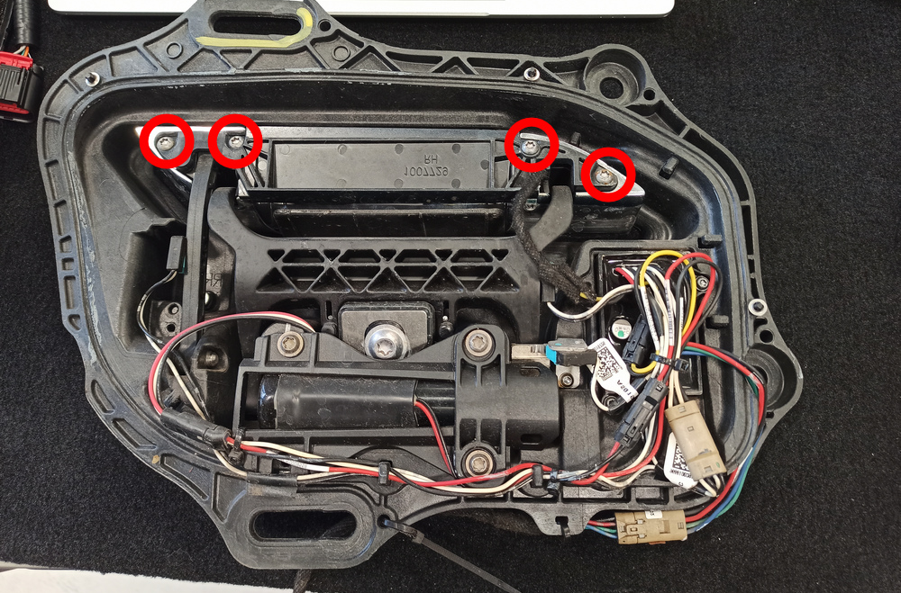 - Remove the screws (x5) that attach the new door handle assembly rear cover.
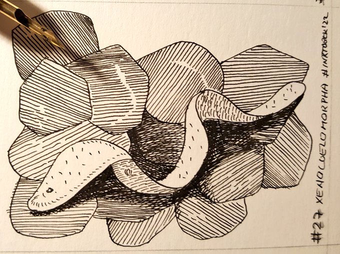 #Annelida un filo más conocido. Desde micras hasta 3m. Cuerpo segmentado en metámeros. Gran variedad de ambientes y de formas de vida, incluido em parasitismo de las conocidas sanguijuelas. #inktober2022 #inktober2022day15
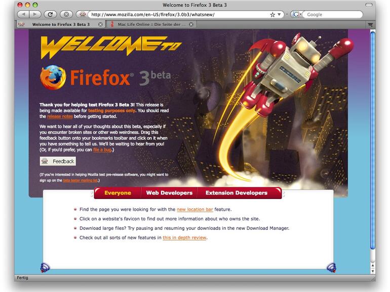 Die Benutzeroberfläche der aktuellen Firefox-Beta erinnert durchaus ein wenig an einige Apple-Programme.
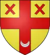 D'or, à la croix de gueules, accompagnée en chef de deux sautoirs alésés de même, et chargée, en pointe, d'un croissant d'argent.[7] |
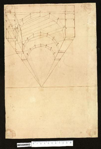 - NOTIZIE STORICO CRITICHE Il foglio non è menzionato nell'indice del volume nel quale il marchese Giacomo Sardini lo aveva rilegato. Dato che esso costituisce il verso di un disegno preparatorio per la decorazione ad affresco della volta di una sala attribuibile ad un artista centro italiano attivo nei primi decenni decenni del Settecento, anche per questo studio per la prospettiva centrale di un soffitto voltato si può ipotizzare l'appartenenza ad un analogo ambito geografico e cronologico. Potrebbe trattarsi dell'esercitazione condotta da un pittore quadraturista in previsione dell'ornamentazione di una volta strutturata secondo una prospettiva centrale con la finalità di ingannare l'occhio dell'osservatore suggerendo una maggiore profondità dello spazio rispetto a quella reale.
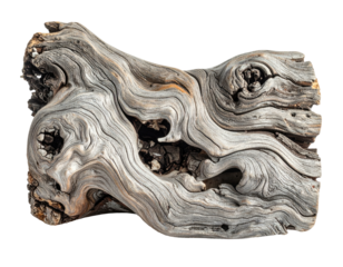Close-up of weathered driftwood on a solid black backdrop, showing intricate textures
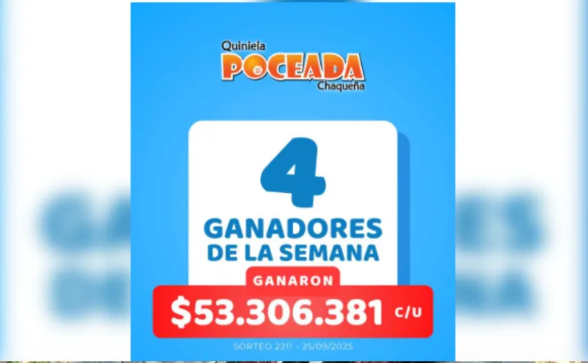 En el sorteo N° 2211 de la Quiniela Poceada Chaqueña, realizado el jueves 25 de septiembre, cuatro apostadores se consagraron ganadores y compartieron un pozo total de $ 211 millones de pesos, llevándose más de $ 53 millones cada uno.
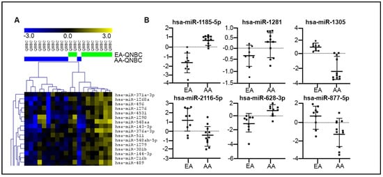 MiRNA expression profiling analysis of QNBC cases of EA and AA patients. (A) Partial supervised hierarchical cluster (SHC) of global miRNA profiling showing DE miRNAs between AA QNBC (n = 10, blue bars) and EA QNBC (n = 9, green bars) (validation cohort). (B) Six miRNAs DE between AA QNBC and EA QNBC with expression directions common in discovery and validation cohorts.

• [Task to carry out]:
Working from the records above, set down word for word everything from the line containing "Die Benutzeroberfläche der" down to the line containing "D'or, à la croix", ends included, minus the pictures.

• [Solution below]:
 Die Benutzeroberfläche der aktuellen Firefox-Beta erinnert durchaus ein wenig an einige Apple-Programme.
 D'or, à la croix de gueules, accompagnée en chef de deux sautoirs alésés de même, et chargée, en pointe, d'un croissant d'argent.[7] |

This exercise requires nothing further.